Intel® Quartus® Prime Software
Intel® Quartus® Prime Design Software, Design Entry, Synthesis, Simulation, Verification, Timing Analysis, System Design (Platform Designer, formerly Qsys)
16596 Discussions

Utilize M10k Memory block

Altera_Forum
Honored Contributor II
2,620 Views

Hi, 

 

I have compiled my kernel and i know only uses 16% of the M10k memory. Is there way i can use more of it?  

 

Also, i view my report, it says "loop sacrificed fmax to achieve II to 1." But in the optimisation report, it was fine, it says "Pipelined well. Successive iterations are launched every cycle." 

Is there way i can avoid that? I wanted to maximize its performance (increase fmax). 

 

Is 121Mhz for cyclone V is good enough? Not much data for me to benchmark
0 Kudos
9 Replies
Altera_Forum
Honored Contributor II
1,031 Views

 

--- Quote Start ---  

I have compiled my kernel and i know only uses 16% of the M10k memory.

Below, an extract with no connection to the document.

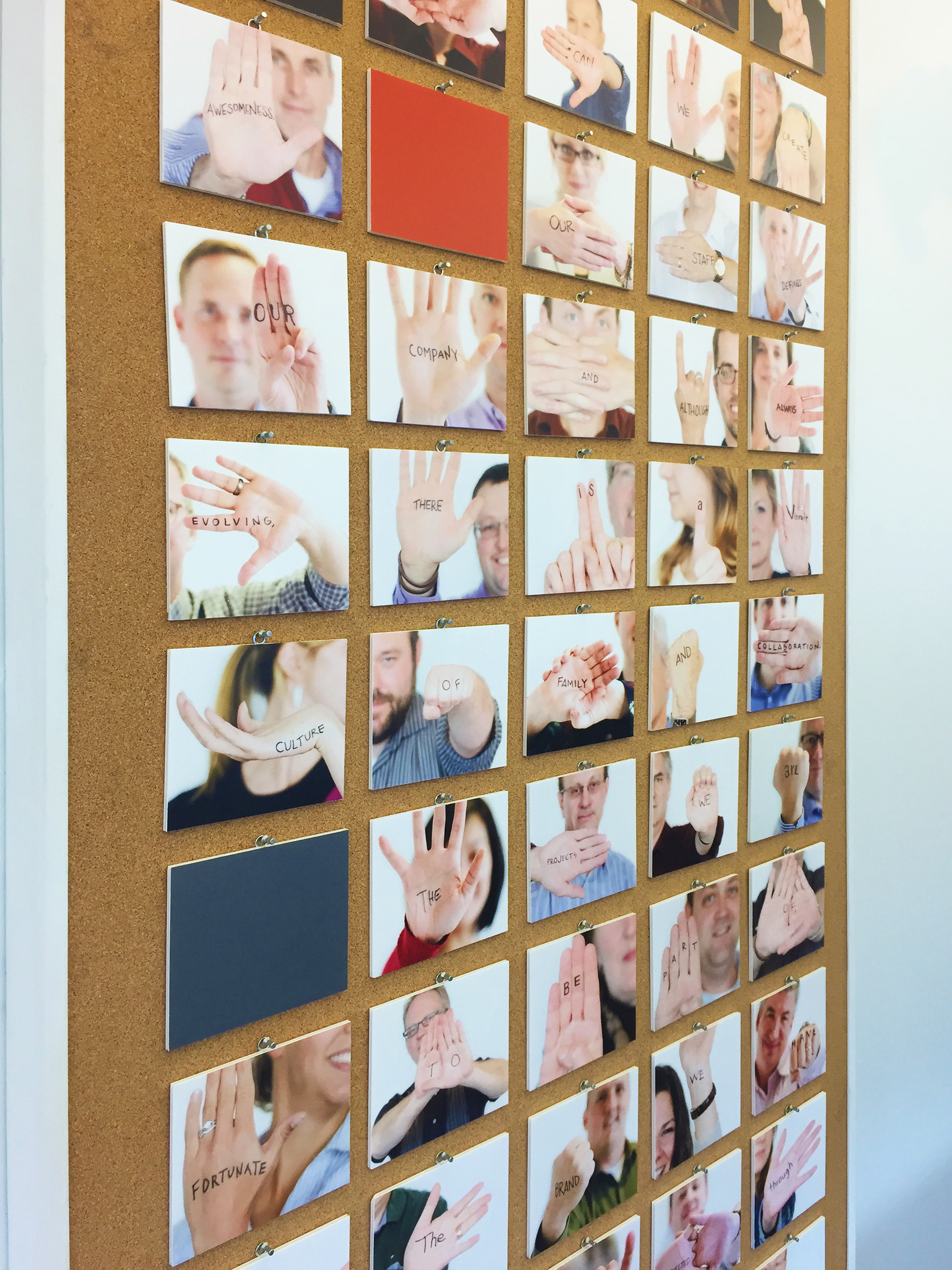 The original Cincinnati office of MA Design serves as a prime example of the transformative power of environmental graphics. The clean, sophisticated, and timeless designs inject vibrant color into the space while simultaneously celebrating the company's culture and its valued employees in a dynamic and updatable way. A meticulously crafted custom die-cut frosted vinyl map not only adds a touch of privacy to the conference room but also serves as an artistic focal point. Additionally, a bespoke printed cork installation proudly displays the firm's expanding portfolio of projects, further honing the office environment with both functionality and aesthetic appeal.

Is there way i can use more of it?  

--- Quote End ---  

 

The compiler will use as much resources as required; trying to use more could actually reduce performance since it complicates routing and reduces operating frequency. 

M10k blocks are generally used for implementing large local memory buffers and FIFOs. The more local memory you use, the higher the M10k utilization will become. 

 

 

--- Quote Start ---  

Also, i view my report, it says "loop sacrificed fmax to achieve II to 1." But in the optimisation report, it was fine, it says "Pipelined well. Successive iterations are launched every cycle." 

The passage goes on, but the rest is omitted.